[Stored items]
+ + + + + + +

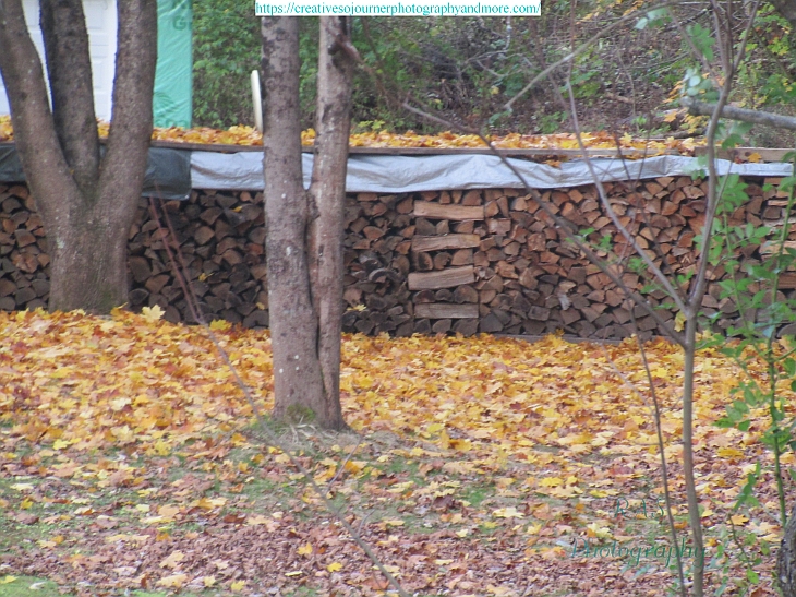 Our neighbor’s wood pile looks pretty surrounded by all the fallen yellow leaves:
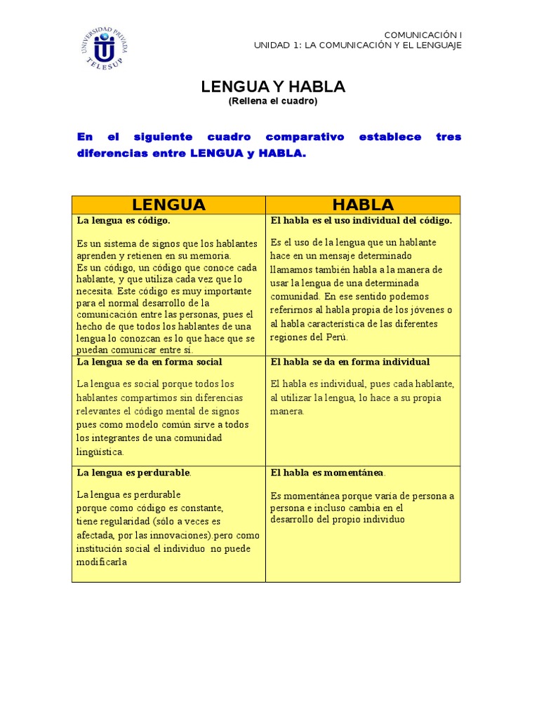 Cuadro Comparativo De Lenguaje Lengua Y Habla
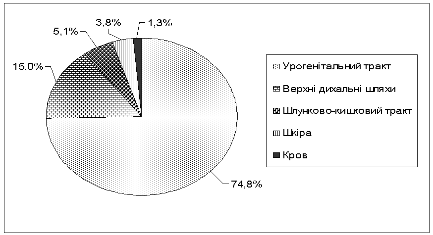 більшість були ізольовані з урогенітального тракту (УГТ) – 74,8% (175), з
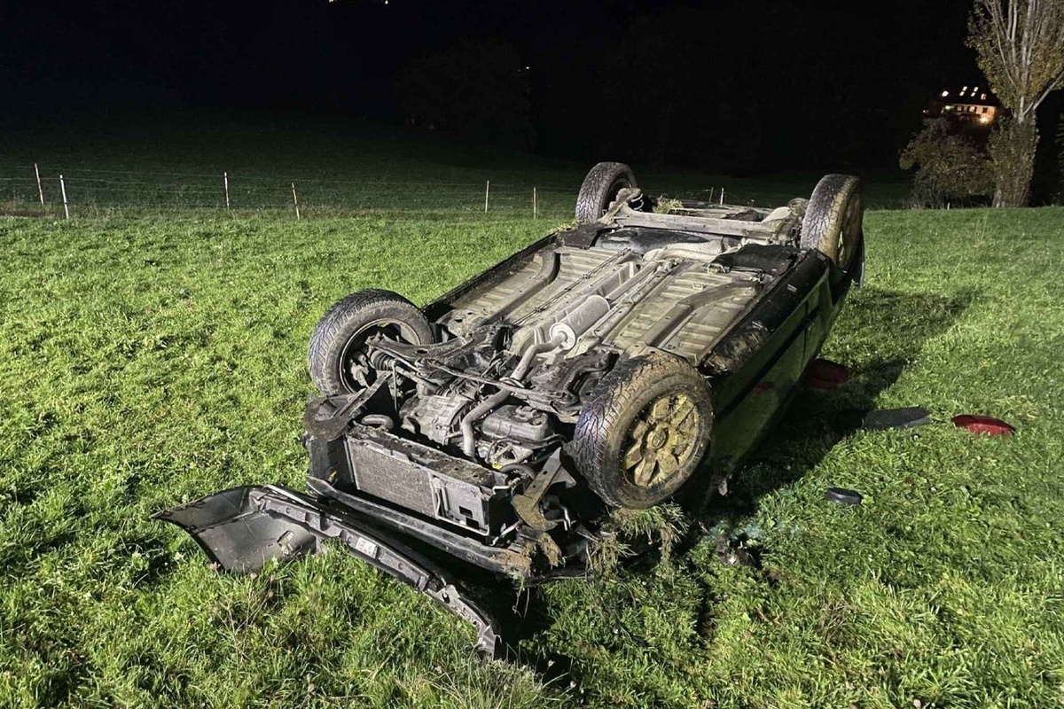 Eine Polizeipatrouille traf vor Ort ein und fand ein Auto auf dem Dach liegend in einem Feld. Der 36-jährige verletzte Fahrer konnte sich im Anschluss selbst aus dem Fahrzeug befreien. Eine Ambulanz brachte ihn zur Kontrolle ins Spital.
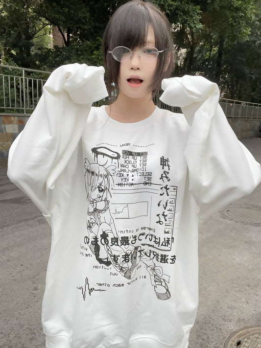 Jirai Kei White Round Neck Graphic Sweatshirt Yami Kawaii Top
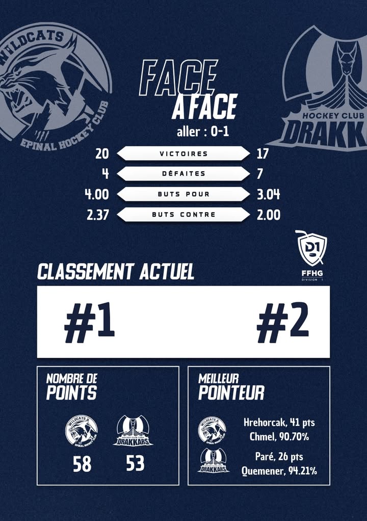 Gros choc ce mardi soir (20h15) entre les Wildcats Epinal et nos Drakkars. Les deux premiers du classement s’affrontent. Les caennais avaient blanchi les spinaliens 1-0 lors du match aller, avec 41 arrêts de Ronan Q. Notre gardien qui vient de réaliser son 3ème jeu blanc de la saison contre Neuilly samedi.

+ + + + + + +

→ Work to complete
Set down the entries again without change. Leave the pictures out.

→ Your solution
 Our neighbor’s wood pile looks pretty surrounded by all the fallen yellow leaves:
 Cuadro Comparativo De Lenguaje Lengua Y Habla
 більшість були ізольовані з урогенітального тракту (УГТ) – 74,8% (175), з
 Eine Polizeipatrouille traf vor Ort ein und fand ein Auto auf dem Dach liegend in einem Feld. Der 36-jährige verletzte Fahrer konnte sich im Anschluss selbst aus dem Fahrzeug befreien. Eine Ambulanz brachte ihn zur Kontrolle ins Spital.
 Jirai Kei White Round Neck Graphic Sweatshirt Yami Kawaii Top
 Gros choc ce mardi soir (20h15) entre les Wildcats Epinal et nos Drakkars. Les deux premiers du classement s’affrontent. Les caennais avaient blanchi les spinaliens 1-0 lors du match aller, avec 41 arrêts de Ronan Q. Notre gardien qui vient de réaliser son 3ème jeu blanc de la saison contre Neuilly samedi.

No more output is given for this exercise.